What is required:
At the line containing "2 prize de rețea", begin an exact copy of the lines below and continue through the final one, with no pictures.

Dataset section:
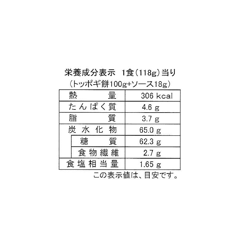 118g(トッポギ餅100g、ソース18g)
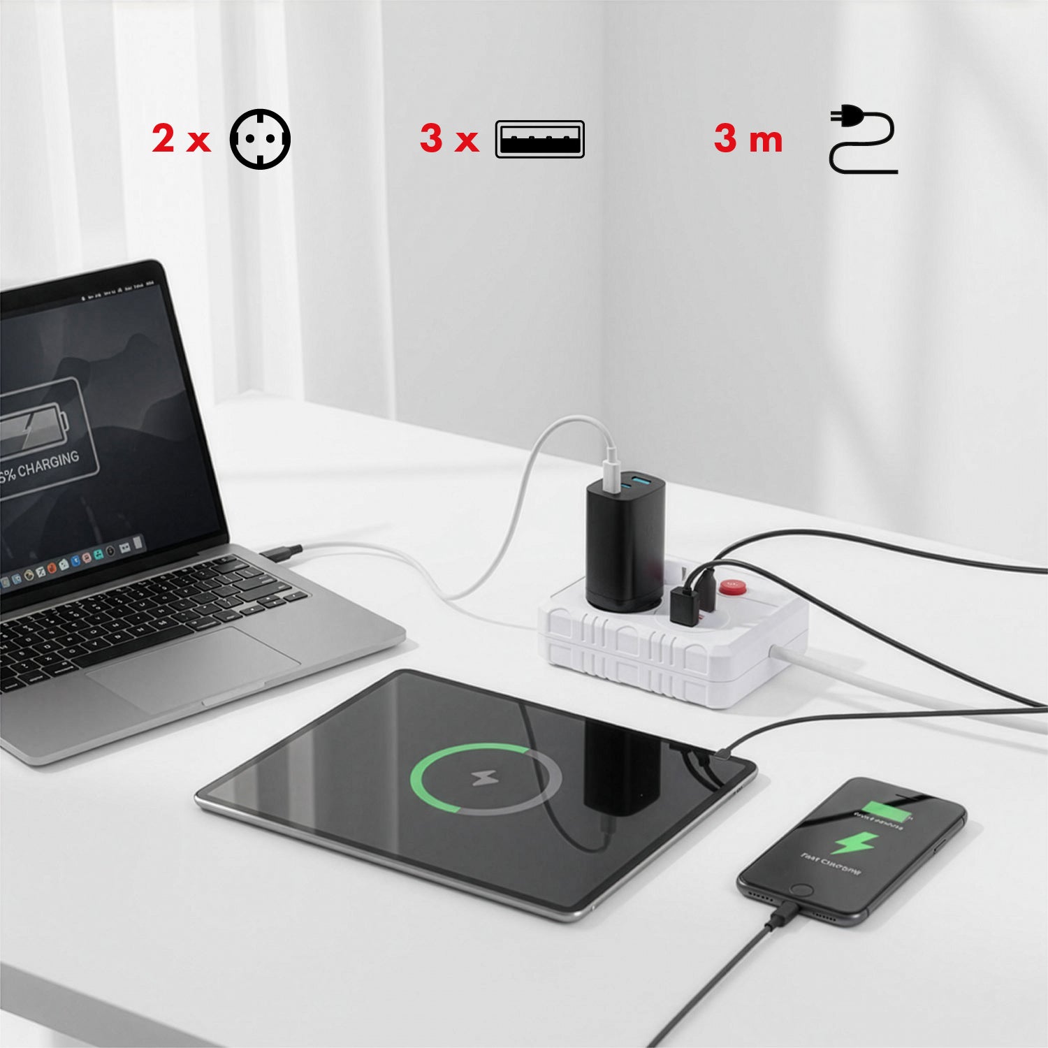 2 prize de rețea și 3 porturi USB - energie mereu la îndemână
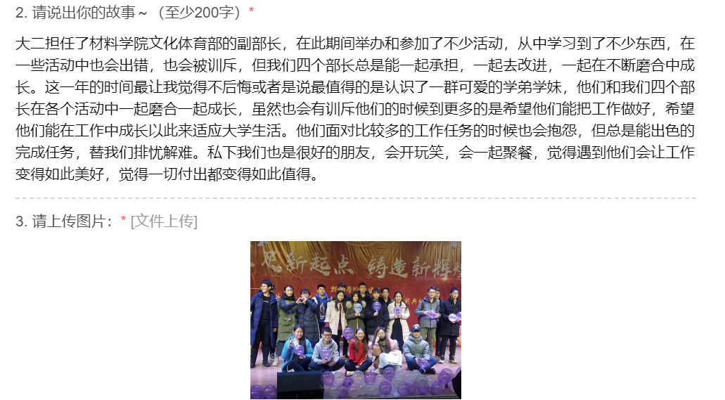 本次活动共有160余名学生通过问卷形式参加,学生通过回忆工作故事,分享参与学生组织、社团、兼职或实习等方面工作的工作经验、做事方法、心得体会,不仅提供了良好的工作经验交流平台,而且分享了工作中的优秀做法。活动在宣传、组织、开展等方面均取得了良好成效,不仅使学生提升了工作能力,也为以后的工作生活、就业创业等打下了良好的基础。(通讯员:宋晓雪)

Response:
 2 prize de rețea și 3 porturi USB - energie mereu la îndemână
 本次活动共有160余名学生通过问卷形式参加,学生通过回忆工作故事,分享参与学生组织、社团、兼职或实习等方面工作的工作经验、做事方法、心得体会,不仅提供了良好的工作经验交流平台,而且分享了工作中的优秀做法。活动在宣传、组织、开展等方面均取得了良好成效,不仅使学生提升了工作能力,也为以后的工作生活、就业创业等打下了良好的基础。(通讯员:宋晓雪)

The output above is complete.